Kevin Hart must enjoy living dangerously, 'cause he's already getting into another muscle car similar to the one that nearly killed him ... seemingly without a safety harness, at that.
The comedian was out at a shopping plaza Saturday in Calabasas with a friend, where it looks like he was sent out to make a food run. He ran into a pap on the way out -- walking on his own two feet, no less, and looking pretty solid -- and gave the guy a health update.
Kevin says he's grateful to be alive, and that he'll be getting back to work slow and steady ... seems he's in no rush to get on the grind again, enjoying time with his fam.
Then comes a pretty eyebrow raising moment ... Kevin walks to his car -- a 1969 Camaro, he tells the photog -- and gets in the driver's seat ... and then pulls away like it's nothing.

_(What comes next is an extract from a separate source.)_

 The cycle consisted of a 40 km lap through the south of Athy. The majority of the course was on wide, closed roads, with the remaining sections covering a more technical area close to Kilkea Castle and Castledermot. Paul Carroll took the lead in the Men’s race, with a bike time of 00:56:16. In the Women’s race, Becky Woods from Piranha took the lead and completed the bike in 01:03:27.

Even more troubling ... it doesn't clearly look like he pulls a shoulder harness over himself, at least from the angle we're seeing here -- which is a straight-on shot through the windshield. We looked into it, and shoulder belts were a rarity in the '69 model. Lap belts were there, but not all these old cars had the newly-enforced safety harness all cars have today.

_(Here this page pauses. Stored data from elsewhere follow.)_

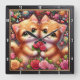 This adorable square wall clock features a heartwarming digital illustration of two fluffy ginger kittens nestled together. The kittens have large, expressive green eyes and are shown holding a small bouquet of pink roses. They are surrounded by a lush, vibrant garden of multi-colored roses in shades of red, pink, and yellow, accented by whimsical floating hearts and sparkling floral patterns. The artwork is framed by a modern black wood-textured border with bold white numeric markers for easy timekeeping. This functional piece of home decor combines high-quality whimsical art with practical utility, making it a perfect gift for cat lovers, Valentine Day, or as a charming addition to a child nursery or playroom. The rich, warm color palette and sweet character design provide a cheerful focal point for any room.
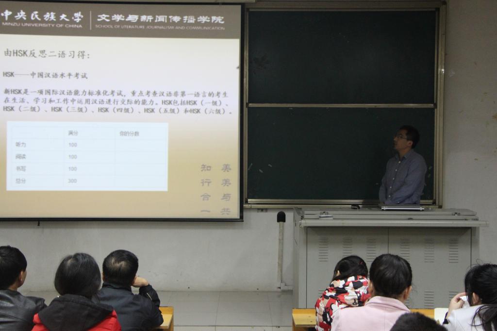 2016年11月7日18:40-20:40,我系邀请2012届优秀毕业生焦学振(现为中央民族大学文学与新闻传播学院博士生),在外国语系C201多媒体教室为全系师生做了题为“理想有远方,此生不能忘”的讲座。
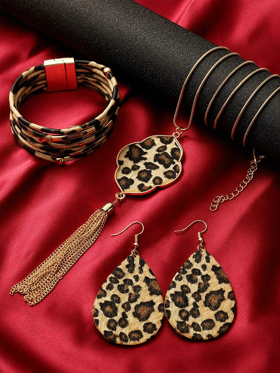 4 Pack Leopard Jewelry Set Y-Shape Tassel Necklace Leopard Rhombus Hook Dangle Earrings Multilayer Bracelet
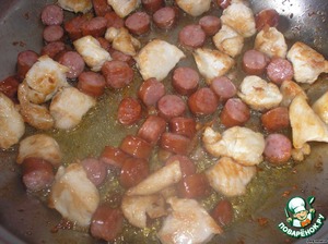 В большой и глубокой сковороде 5 минут обжариваем курицу. Затем к ней отправляем колбаски и жарим еще 3 минуты.
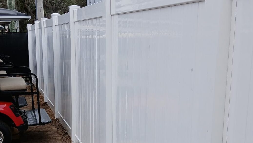 Top Rail Fence just wrapped up a commercial fence upgrade for a local golf cart sales & service business in Ormond Beach. We replaced old wood fencing with a sleek, durable 6’ white vinyl privacy fence and upgraded the chain link roll gate to a smooth-operating vinyl cantilever gate. The results are low-maintenance, weather resistant, secure, and stylish.
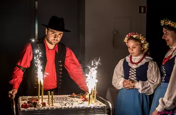 Po części oficjalnej rozpoczęły się konkursowe prezentacje, które ponownie udowodniły, że muzyka dudziarska ma się dobrze i znajduje młodych pasjonatów. Na zakończenie jubileuszowego spotkania na wszystkich czekała jeszcze słodka niespodzianka – okazały tort jubileuszowy.
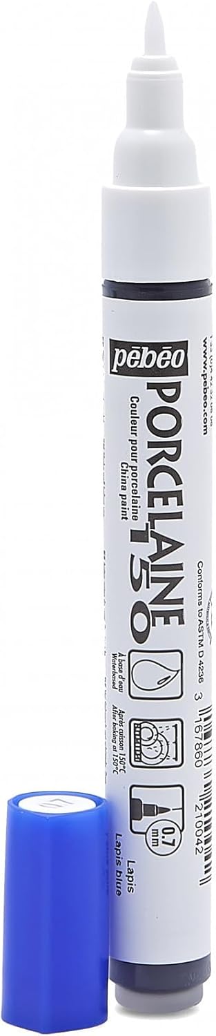 Pebeo Porcelaine 150 Assorted China Paint Fine Tip Markers DIY Arts & Crafts Supplies, Fun for Kids, Heat-Resistant Finish, Microwave & Dishwasher Safe Formula, 1 Count (Pack of 1), Lapis Blue

Obviously, this is a big deal for a couple different reasons. The fact that Kevin's driving at all should be a little worrying, but driving another souped-up oldie like this might as well be a death wish, considering what he just went through about a month ago with the crash.
Remember, Kevin's 1970 Plymouth Barracuda also didn't have safety harnesses. Had they been there ... we're told it could've helped alleviate the injuries Kevin and co. endured.
Y'know the "Oh no, baby" meme? Yeah, that's us right now ... what are you doing, KH???